Мдее. Вчера весь вечер мучал комп. Копировал разделы WinSock и WinSock2 с другого винта с чистой системой (причем во всех трех папках с ControlSet'ами) - все равно желтый треугольник; удалял все WinSock и WinSock2 из реестра, отключал и удалял сетевой адаптер, делал апгрейд системы до Windows 7 Professional через Microsoft Anytime Upgrade; опять удалял оба раздела с адаптером, делал обновление винды с установочного диска, после обновления переустанавливал драйвер TCP/IPv4, выполнял все команды что смог нагуглить (ipconfig /flushdns; route -f; netsh winsock reset; netsh int ip reset) - ноль подсечки.
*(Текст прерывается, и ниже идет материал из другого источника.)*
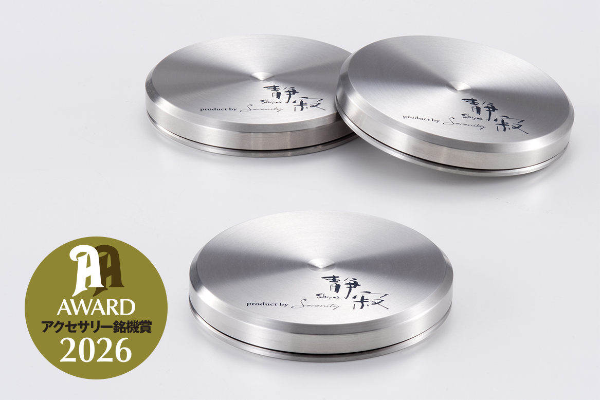 新潟の新進アクセサリーブランドSerenityの静寂(Shijima)シリーズより、秀逸な免振機構を採用したスイング式インシュレーターの薄型モデル「SWI-10」が、「オーディオアクセサリー銘機賞2026」を受賞した。

Всё одно - желтый треугольник и неопознанная сеть.
Проверял на вирусы бесплатными мини-утилитами CureIT (не требующими установки) скачанными с сайтов dr.Web и Avast - ни одна не нашла ни одного вируса. Ну что за зараза такая сидит?

Что касается Журналов - вот добрался наконец до них, экспортировал и выкладываю. Закинул на народ, потому что сдешний загрузчик не захотел почему-то добавлять журналы ни в родном формате .evtx, ни в архиве.
http://narod.ru/disk/62280581001.85c...жение.zip.html
http://narod.ru/disk/62280622001.74a...стема.zip.html

----------


## PavelA

Много интересного есть, связанного с этим в журнале "Система". Проблемы с драйверами Симантека (Teefer2)

Marvell Yukon 88E8001/8003/8010 PCI Gigabit Ethernet -- это новая сетевуха?

What is this error amdkmdag 62464?   --- еще куча ошибок такого плана.

----------

Justlogin

----------


## Justlogin

> Много интересного есть, связанного с этим в журнале "Система". Проблемы с драйверами Симантека (Teefer2)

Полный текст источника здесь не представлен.